BI memastikan likuiditas perekonomian tumbuh positif. Uang beredar dalam arti luas atau uang kertas dan uang logam ditambah simpanan dalam bentuk rekening koran (M2) pada Juli 2024 Rp 8.970,8 triliun. Meningkat 7,4 persen year-on-year (YoY), meski sedikit menurun setelah tumbuh 7,7 persen YoY pada bulan sebelumnya.

Pertumbuhan tersebut didorong pertumbuhan uang beredar sempit alias seluruh uang kartal dan uang giral yang tersedia untuk digunakan masyarakat (M1) sebesar 6,3 persen YoY dan uang kuasi 7,2 persen YoY. Perkembangan M1 disebabkan uang kartal di luar bank umum dan BPR, serta tabungan rupiah yang dapat ditarik sewaktu-waktu.

”Uang kartal yang beredar pada Juli 2024 sebesar Rp 939,5 triliun,” ungkap Erwin Haryono.

Penguatan rupiah saat ini didorong fundamental ekonomi.

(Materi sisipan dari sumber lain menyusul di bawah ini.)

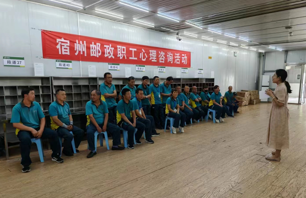 7月12日下午,宿州郵政工會(huì)在北區(qū)營業(yè)部組織開展職工心理咨詢活動(dòng),20余名一線攬投人員代表參加了本次活動(dòng)。活動(dòng)誠邀國家心理學(xué)碩士、二級(jí)心理咨詢師張老師走進(jìn)郵政基層,與職工開展面對(duì)面心理健康沙龍活動(dòng)。活動(dòng)現(xiàn)場,老師詳細(xì)了解攬投員們當(dāng)前壓力和情緒現(xiàn)狀,通過情景體驗(yàn)、現(xiàn)場答疑、個(gè)人咨詢等多種方式,深入淺出地為職工講解了心理保健的重要意義,就大家關(guān)心的如何緩減工作壓力,提升睡眠質(zhì)量等問題進(jìn)行了全面解答。活動(dòng)受到基層員工的熱烈歡迎,大家紛紛表示受益匪淺,老師傳授的日常解壓、抗壓、調(diào)節(jié)心理狀態(tài)的具體方法非常實(shí)用,心里“輕快”多了。
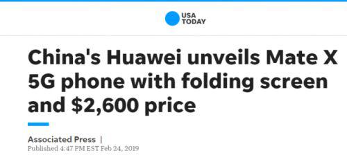《今日美国》(USA Today)的报道也以华为折叠屏手机“破天荒”的售价为标题,但文章更多的是分析华为为何能取得今天的成就。
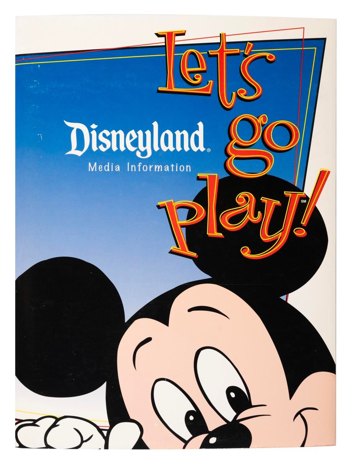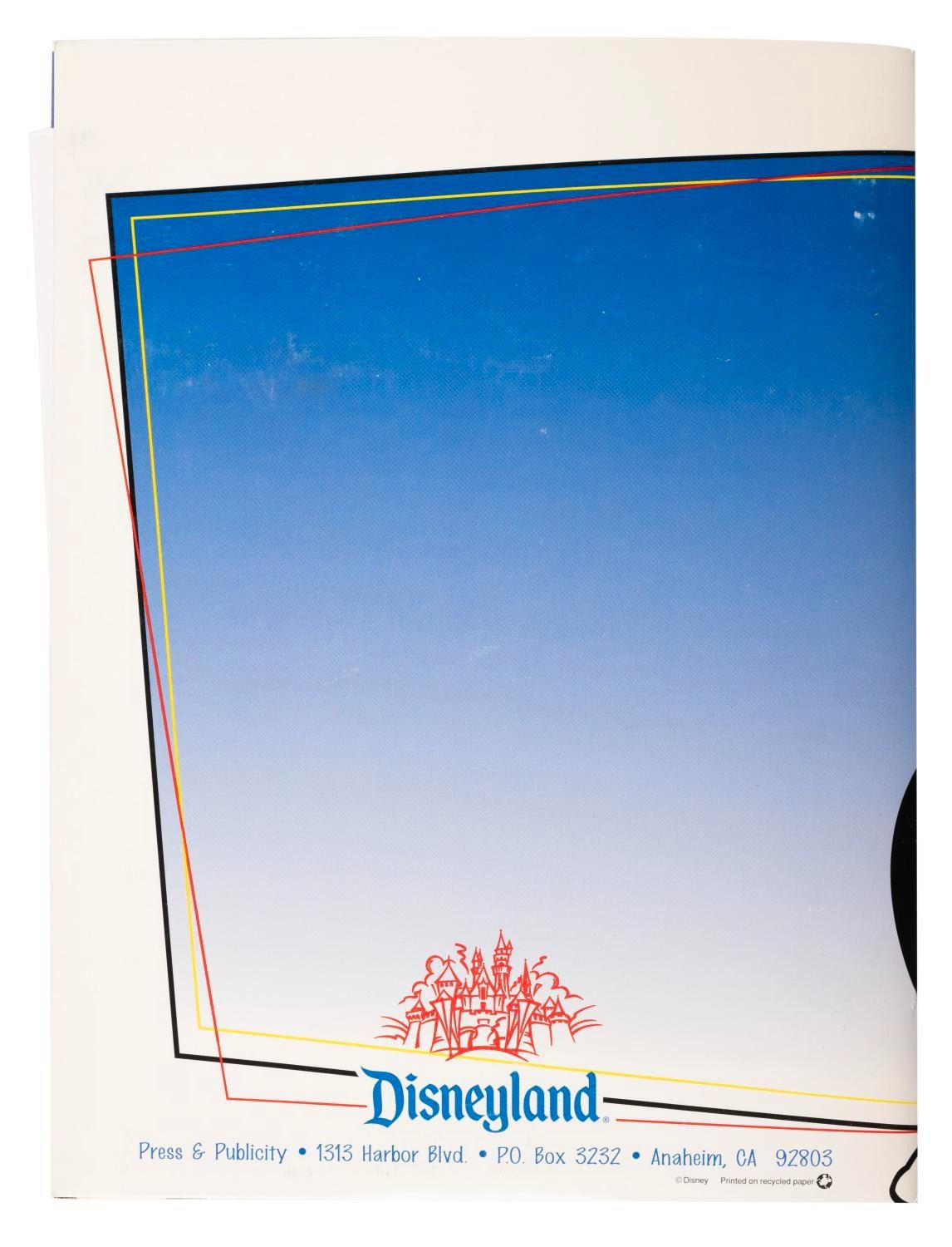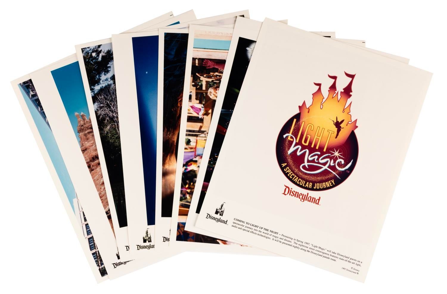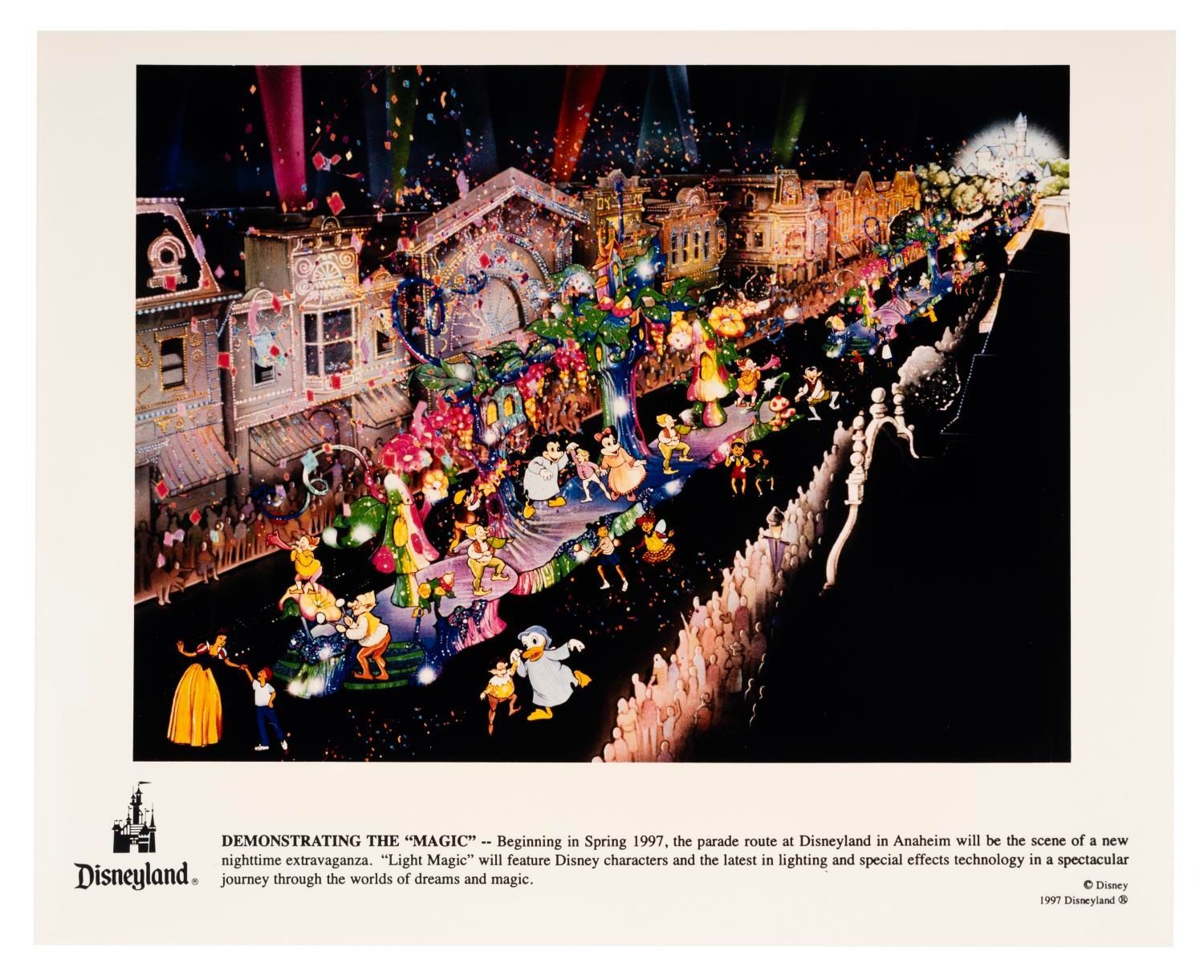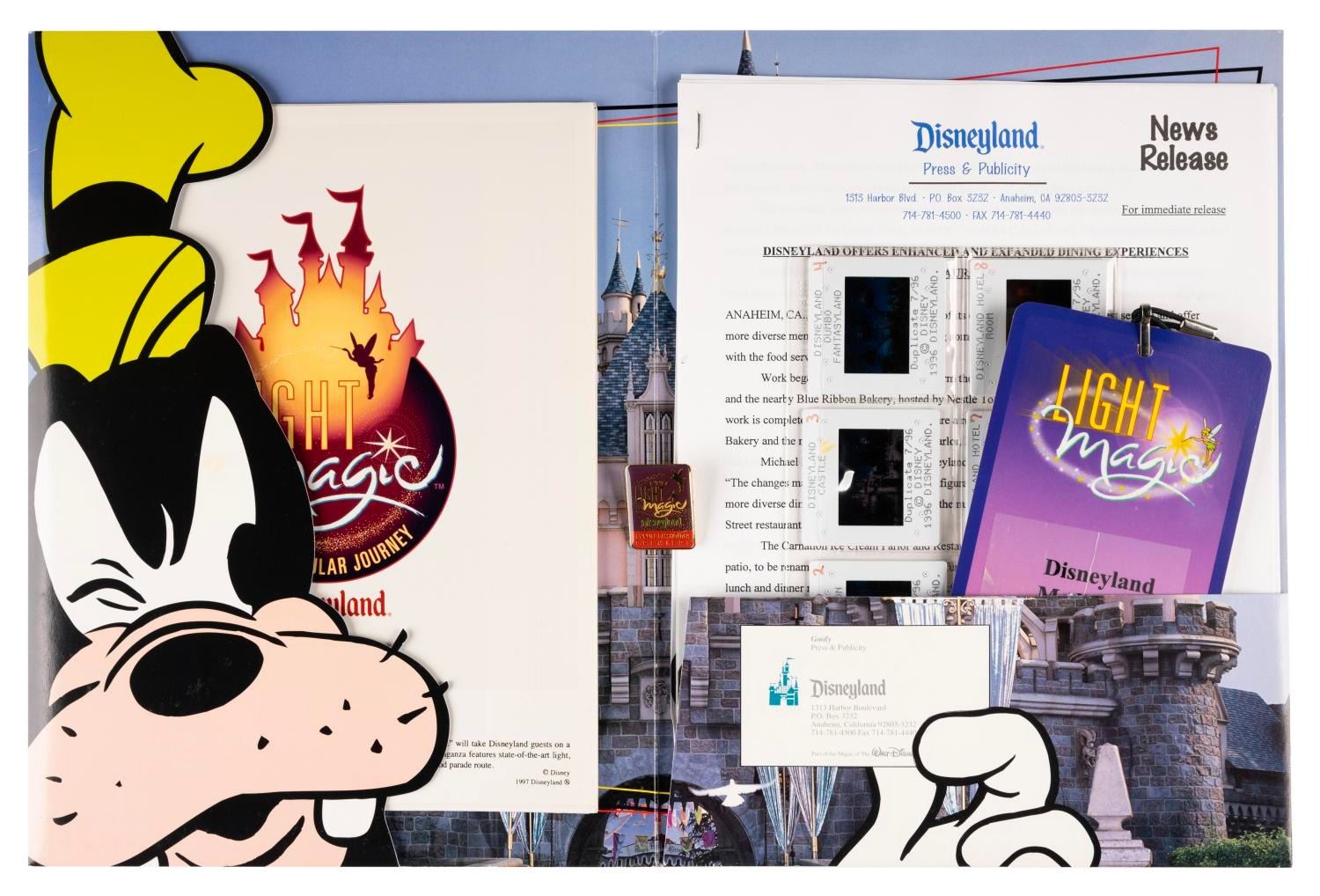 (Disneyland, 1997) A collection of Light Magic Parade memorabilia including an Annual Passholder exclusive pin, a Disneyland Media Host badge, and a press kit. The press kit includes eight 35mm slides of Disneyland, eight color 8” x 10” glossy color prints including a Light Magic Parade logo and concept, and five press releases on the latest developments at the Park. The collection is in very good condition with light scuffs to the press kit folder.
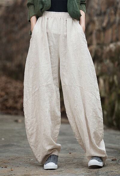 バルーンパンツ ワイド ボトムス レディース サーカスパンツ ロング丈 春 夏 秋 おしゃれ 流行 可愛い カジュアル 麻 リネン 綿 コットン シンプル ポケット 着回し 快適 通気性 大人可愛い | coolcoool
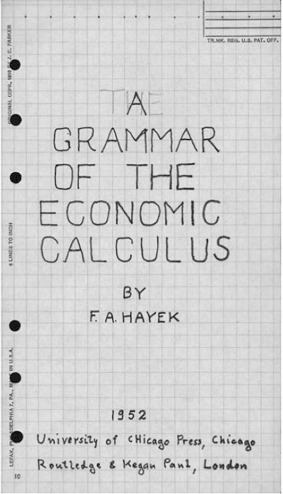 Принято считать, что в 1950—1960-х годах Хайек отошел от занятий экономической теорией и обратился к политической философии. Однако это распространенное мнение, как и многие расхожие мнения, неверно. На рис. I.1 воспроизводится сделанная от руки обложка работы «Грамматика экономического исчисления»; дата свидетельствует, что еще в 1952 г. Хайек задумал писать книгу по экономической теории. Существуют также заметки о «темах и проблемах», которые он намеревался затронуть; в их числе экономическая теория и инженерия, измерение, выбор, эквивалентность, альтернативные затраты, а также «сопутствующие ошибки», в числе которых понятия объективной ценности, оптимума, энергетики и справедливой цены[46]. В свою «Памятную записку о рабочих планах» 1955 г. Хайек включил эту книгу как возможный проект: «Я надеюсь не забросить совершенно мою работу по техническим аспектам экономической теории. Я давно думал, что следующей книгой в этой области будут “Основы экономического исчисления” – нечто вроде подробного введения в базовую логику экономической теории, предназначенного прежде всего для ученых и людей с научным складом ума. Но, хотя я собрал немало материалов на эту тему, их пока еще очень трудно превратить в книгу»[47].
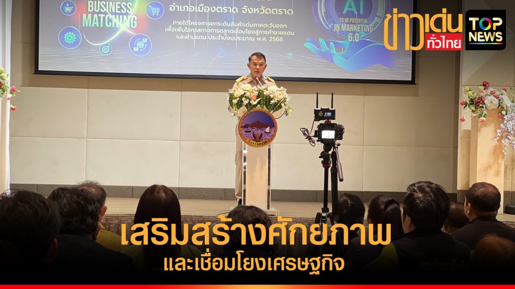 จังหวัดตราดเปิดกิจกรรมเสริมสร้างศักยภาพและเชื่อมโยงเศรษฐกิจระเบียงเศรษฐกิจภาคตะวันออกสู่นานาชาติ เชื่อมโยงการค้าชายแดน และติดอาวุธทางเทคโนโลยี่Ai ให้ผู้ประกอบการธุรกิจสร้างมูลค่าการค้าทั้งไทยและเทศ
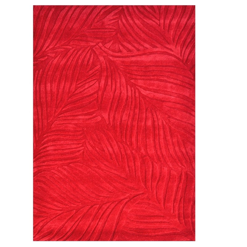 Turn your space into a boutique-quality home with this handmade woolen rug. Featuring an intricate leafy pattern and gleaming red hue, its luxurious texture will bring a touch of elegance to any room. Go bold and make a statement with this modern classic.
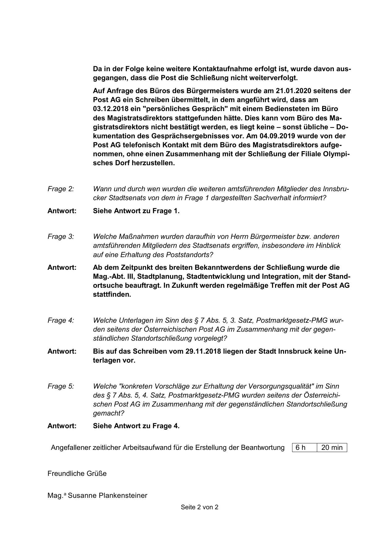 Post AG telefonisch Kontakt mit dem Büro des Magistratsdirektors aufgenommen, ohne einen Zusammenhang mit der Schließung der Filiale Olympisches Dorf herzustellen.
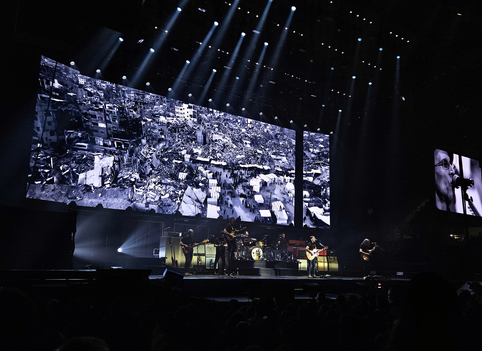 Volviendo a los sonidos más furiosos y rugosos entró en el momento correcto “A Quemarropa”. “El Monte De Los Aullidos” y “Volverá El Espanto” fueron momentos de recogimiento emocional. El primero desde la perspectiva interior y el segundo con un explícito y doliente mensaje de dolor con imágenes de Gaza arrasada, bien grandes en la pantalla gigante para que hasta los que no quieren verlo sean conscientes de lo que ha pasado –y sigue pasando-. O lo que es lo mismo, a veces no son necesarias las palabras o proclamas para trasladar mensaje, compromiso, emoción. Ya sea en este caso como en esas críticas que se pueden leer porque el día que Robe voló solo publicó un corazón negro y escuetas palabras. Hay casos en los que no es necesario decir más y –dado que me preguntáis por activa y por pasiva por el tema- no creo que Fito tenga que rendir cuentas sobre su dolor o su amor por una persona que, como ha confesado tantas veces, le cambió la forma de escribir una canción para siempre como le cantó ya en ese «Las Nubes De Tu Pelo» que regaló en Pamplona dos días después. Fin de este tema.
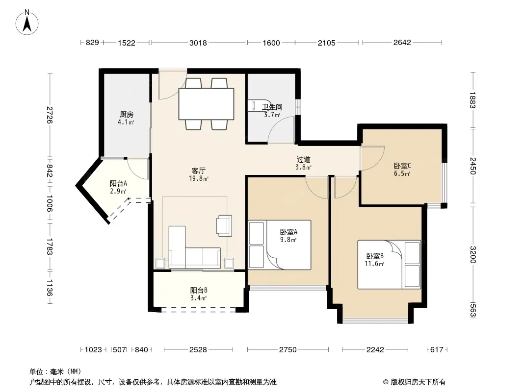 户型齐全,主打明卫,双阳台三居
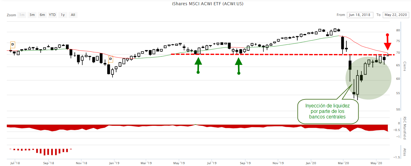 Hoy me gustaría hacer una revisión a la situación desde un punto de vista más global, compartiendo con vosotros un análisis del ETF iShares MSCI ACWI ya que este índice se encuentra en un punto que merece nuestra atención. Este ETF está compuesto por las principales empresas de 23 países desarrollados y 24 países emergentes, cubriendo por tanto la inmensa mayoría del mercado de valores mundial. Esta circunstancia hace que este ETF sea una buena referencia para analizar en un mismo gráfico lo que está sucediendo en las bolsas de valores mundiales con dividendos incluidos.
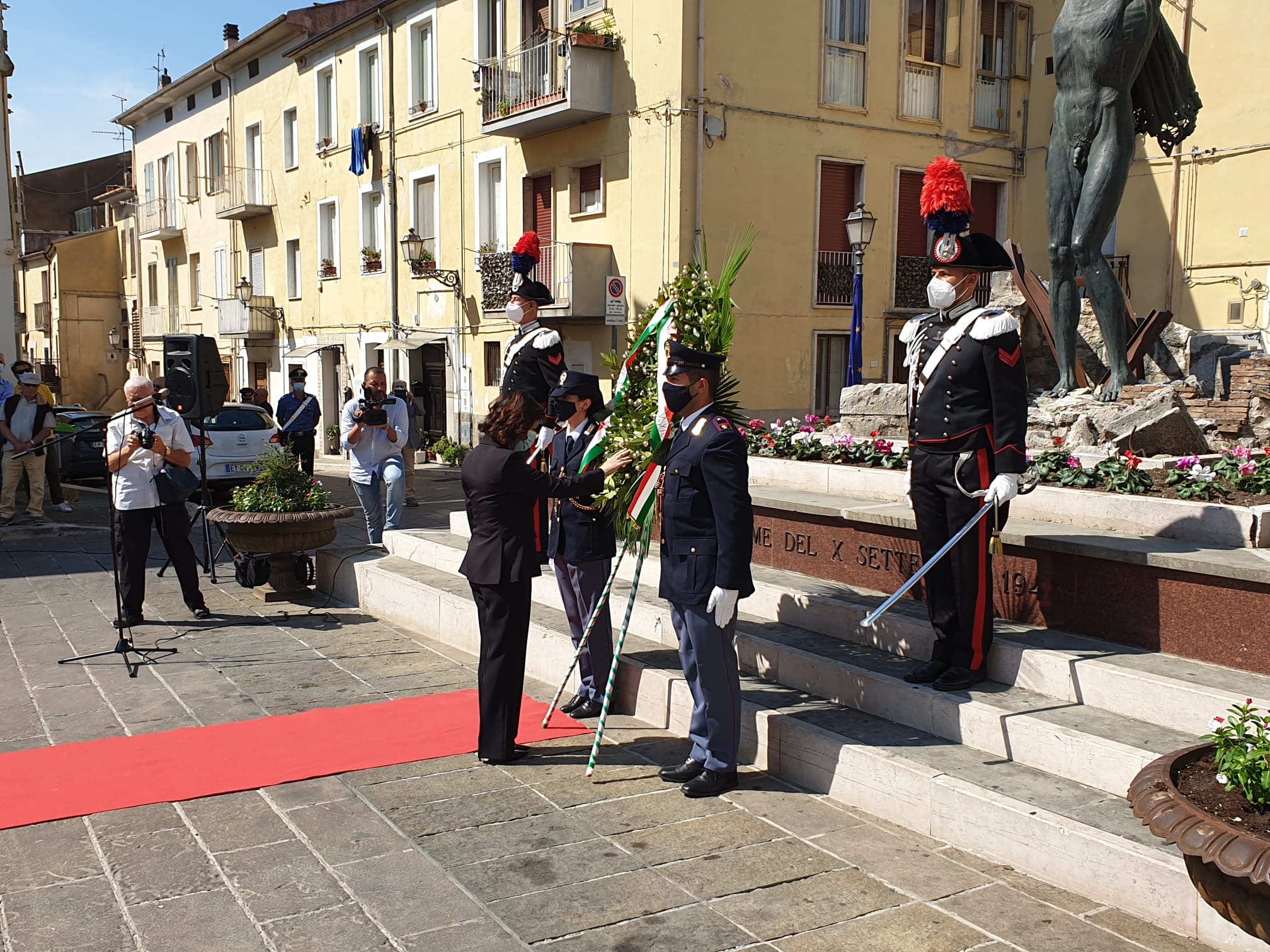 Al termine, in piazza X Settembre, si è proceduto alla deposizione, da parte del prefetto Gabriella Faramondi e del sindaco Giacomo d’Apollonio, di due corone d’alloro ai piedi del monumento alle vittime dei bombardamenti del 1943.

Yakni, pertumbuhan ekonomi di kisaran 5 persen dan inflasi yang terkendali dalam sasaran 2,5 plus minus 1 persen. Meski terjadi demo pada Kamis (22/8) terkait revisi UU Pilkada, mata uang Garuda tetap berada di level Rp 15.579 per USD.

”Fakta bahwa kemarin tidak terlalu berpengaruh, mungkin itu menunjukkan kedewasaan kita terhadap politik. In relative ekonominya menjadi lebih kuat. Faktor ekonomi, baik eksternal maupun internal, lebih memengaruhi pergerakan rupiah dibandingkan dengan pertimbangan politik. Dan itu yang pada akhirnya memengaruhi market,” jelas Erwin.

Menurut dia, dalam dua dekade terakhir, ekonomi menjadi faktor dominan bagi pasar. Setelah ketidakpastian global mereda, investor kembali masuk ke pasar keuangan domestik. Hal itu menunjukkan kepercayaan tinggi investor asing pada sektor riil dan portofolio ekonomi Indonesia. 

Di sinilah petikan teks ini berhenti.